John Jebb (21 September 1805 in Dublin - 8 January 1886 in Peterstow, Herefordshire) was an Anglo-Irish Anglican priest and writer on church music.

== Life ==
Jebb was the eldest son of Mr Justice Richard Jebb of the Irish Court of King's Bench and his wife Jane Louisa Finlay, and nephew of John Jebb, Bishop of Limerick. He was educated at Winchester College and Trinity College, Dublin. After graduating MA in 1829, Jebb briefly held the rectory of Dunerlin in Ireland before becoming a prebendary of Limerick Cathedral (1832), rector of Peterstow, Herefordshire (1843), a prebendary of Hereford Cathedral (1858) and a canon residentiary (1870).

Jebb married Frances, daughter of General Sir Richard Bourke, in September 1831 (she died in 1866).

Jebb was a leading authority on the Anglican choral tradition and a significant figure in the English choral revival. When Walter Hook, vicar of Leeds, proposed to reinstate choral services and a surpliced choir at Leeds Parish Church in 1841, it was to his friend Jebb that he looked for advice. With his cathedral background Jebb argued that in churches with a choir, the desired musical effect should not be marred by "the roar of the congregation". He persuaded Hook to adopt the cathedral form of service at Leeds rather than the alternative model demonstrated by the Revd Frederick Oakeley at Margaret Chapel, London, in 1839, where the choir’s role was to lead the congregation in response, hymn and psalm.

Jebb's policy was first made public in Three Lectures on the Cathedral Service (1841). A more scholarly and definitive treatment of the topic was published in his The Choral Service of the United Church of England and Ireland (1843) which was an enquiry into the low state of service and music provision in cathedrals and collegiate churches.

He funded the building costs of the new rectory at Peterstow. St Peter's Church at Peterstow was restored in the 1860s under Jebb with Sir George Gilbert Scott as architect.

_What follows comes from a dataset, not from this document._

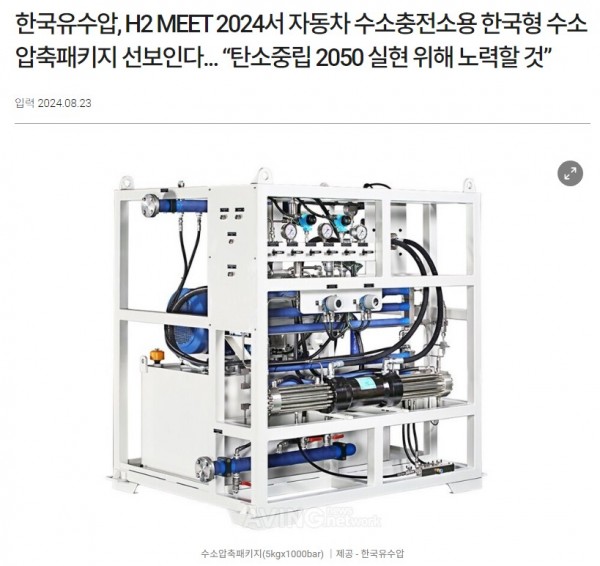 기사소개 (한국유수압, H2 MEET 2024서 자동차 수소충전소용 한국형 수소압축패키지 선보인다... “탄소중립 2050 실…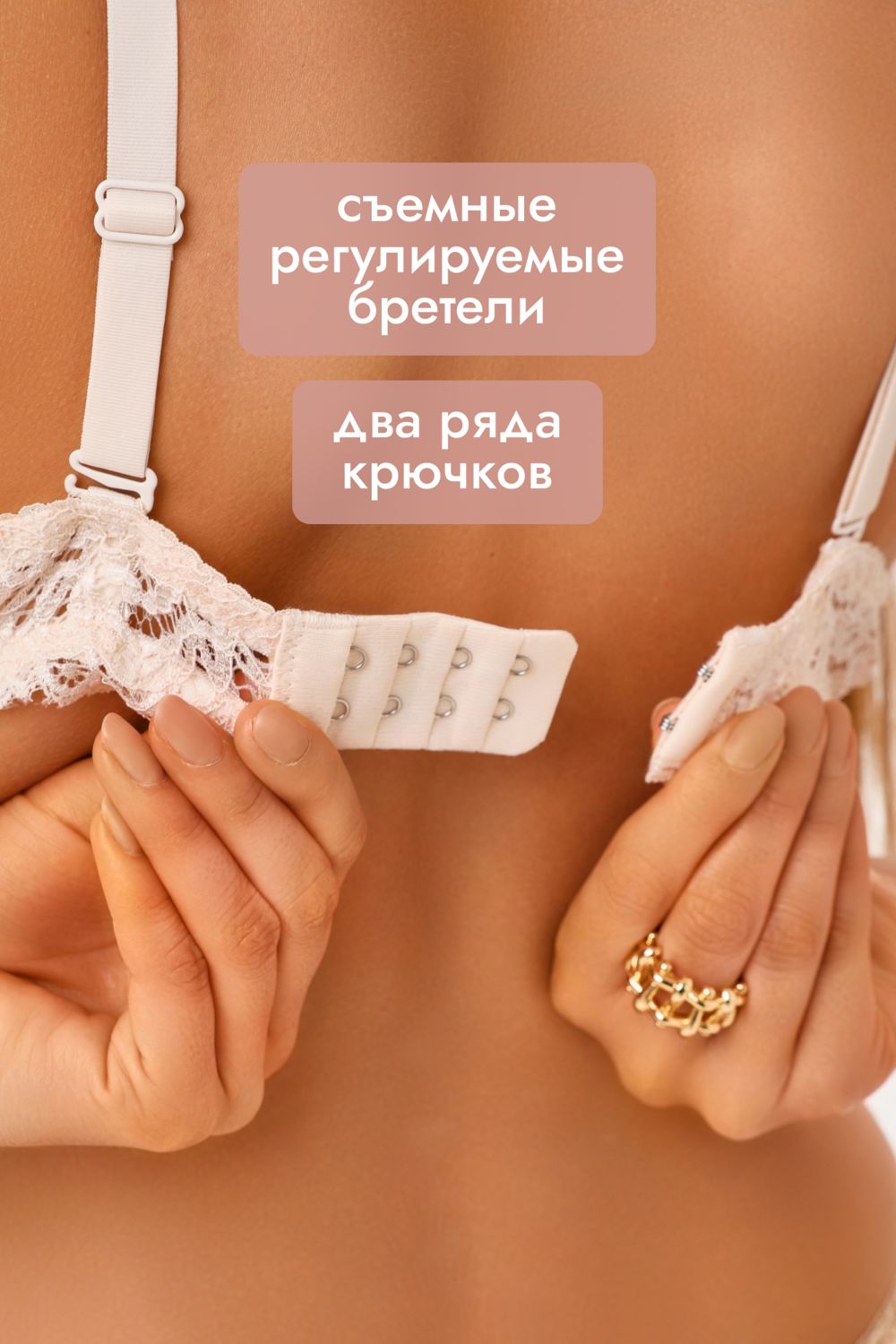 Дизайн изделия включает в себя ажурные узоры и изысканные детали, что придает ему очарование и привлекательность. Кружевные вставки на чашках и краях бюстгальтера создают эффект легкой прозрачности, который делает женский образ более соблазнительным. Данный лифчик оснащен мягкими, формованными чашками, которые обеспечивают оптимальную поддержку и форму груди. Регулируемые бретели позволяют настроить подходящую длину и обеспечить идеальную посадку.

The reopening was on 2 July 1866.

==Writings==

- Three Lectures on the Cathedral Service of the Church of England (Leeds, 1841)
- The Choral Service of the United Church of England and Ireland, being an Inquiry into the Liturgical System of the Cathedral and Collegiate Foundations of the Anglican Communion (London, 1843)
- The Choral Responses and Litanies of the United Church of England and Ireland (London, 1847)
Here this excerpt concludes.